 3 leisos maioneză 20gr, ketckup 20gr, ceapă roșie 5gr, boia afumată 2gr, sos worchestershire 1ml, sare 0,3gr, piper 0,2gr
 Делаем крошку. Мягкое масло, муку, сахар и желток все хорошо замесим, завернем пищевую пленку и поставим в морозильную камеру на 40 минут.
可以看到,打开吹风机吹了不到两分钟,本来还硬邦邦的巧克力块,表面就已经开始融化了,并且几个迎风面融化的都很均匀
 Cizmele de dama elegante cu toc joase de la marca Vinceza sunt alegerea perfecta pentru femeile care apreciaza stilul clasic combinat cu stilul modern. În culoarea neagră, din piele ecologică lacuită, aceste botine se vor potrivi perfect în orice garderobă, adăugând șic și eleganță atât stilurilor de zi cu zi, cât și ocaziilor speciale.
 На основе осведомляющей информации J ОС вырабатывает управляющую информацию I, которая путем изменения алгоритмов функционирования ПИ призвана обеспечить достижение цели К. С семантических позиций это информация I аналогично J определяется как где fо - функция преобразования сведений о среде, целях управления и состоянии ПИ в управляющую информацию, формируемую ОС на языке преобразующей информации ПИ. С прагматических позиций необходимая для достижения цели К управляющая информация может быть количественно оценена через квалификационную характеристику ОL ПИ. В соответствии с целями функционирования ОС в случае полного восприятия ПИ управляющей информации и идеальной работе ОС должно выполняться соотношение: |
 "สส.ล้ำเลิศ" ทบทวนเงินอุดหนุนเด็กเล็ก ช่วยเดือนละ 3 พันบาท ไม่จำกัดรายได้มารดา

☆ ☆ ☆ ☆

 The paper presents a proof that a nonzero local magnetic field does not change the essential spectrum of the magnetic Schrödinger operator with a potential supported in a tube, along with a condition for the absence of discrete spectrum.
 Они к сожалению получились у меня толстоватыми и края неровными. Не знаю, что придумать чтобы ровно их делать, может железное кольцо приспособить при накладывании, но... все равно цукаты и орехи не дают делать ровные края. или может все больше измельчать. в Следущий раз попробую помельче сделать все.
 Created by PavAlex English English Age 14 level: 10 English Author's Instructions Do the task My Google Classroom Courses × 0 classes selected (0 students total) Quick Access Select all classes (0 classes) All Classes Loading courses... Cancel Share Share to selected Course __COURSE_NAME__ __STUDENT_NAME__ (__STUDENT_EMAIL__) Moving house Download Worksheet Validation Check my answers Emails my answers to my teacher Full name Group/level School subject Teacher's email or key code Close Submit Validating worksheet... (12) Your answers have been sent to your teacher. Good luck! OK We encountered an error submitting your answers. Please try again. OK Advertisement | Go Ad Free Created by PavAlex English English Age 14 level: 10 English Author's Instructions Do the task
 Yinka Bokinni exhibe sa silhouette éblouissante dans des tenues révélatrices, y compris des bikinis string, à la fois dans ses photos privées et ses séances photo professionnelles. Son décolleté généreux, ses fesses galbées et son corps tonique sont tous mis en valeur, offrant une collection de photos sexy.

☆ ☆ ☆ ☆

* [Your objective]: Copy the entries above exactly, but only from the line holding "3 leisos maioneză" through the line holding "3 พันบาท ไม่จำกัดรายได้มารดา", both included.

* [Exercise answer]:
 3 leisos maioneză 20gr, ketckup 20gr, ceapă roșie 5gr, boia afumată 2gr, sos worchestershire 1ml, sare 0,3gr, piper 0,2gr
 Делаем крошку. Мягкое масло, муку, сахар и желток все хорошо замесим, завернем пищевую пленку и поставим в морозильную камеру на 40 минут.
可以看到,打开吹风机吹了不到两分钟,本来还硬邦邦的巧克力块,表面就已经开始融化了,并且几个迎风面融化的都很均匀
 Cizmele de dama elegante cu toc joase de la marca Vinceza sunt alegerea perfecta pentru femeile care apreciaza stilul clasic combinat cu stilul modern. În culoarea neagră, din piele ecologică lacuită, aceste botine se vor potrivi perfect în orice garderobă, adăugând șic și eleganță atât stilurilor de zi cu zi, cât și ocaziilor speciale.
 На основе осведомляющей информации J ОС вырабатывает управляющую информацию I, которая путем изменения алгоритмов функционирования ПИ призвана обеспечить достижение цели К. С семантических позиций это информация I аналогично J определяется как где fо - функция преобразования сведений о среде, целях управления и состоянии ПИ в управляющую информацию, формируемую ОС на языке преобразующей информации ПИ. С прагматических позиций необходимая для достижения цели К управляющая информация может быть количественно оценена через квалификационную характеристику ОL ПИ. В соответствии с целями функционирования ОС в случае полного восприятия ПИ управляющей информации и идеальной работе ОС должно выполняться соотношение: |
 "สส.ล้ำเลิศ" ทบทวนเงินอุดหนุนเด็กเล็ก ช่วยเดือนละ 3 พันบาท ไม่จำกัดรายได้มารดา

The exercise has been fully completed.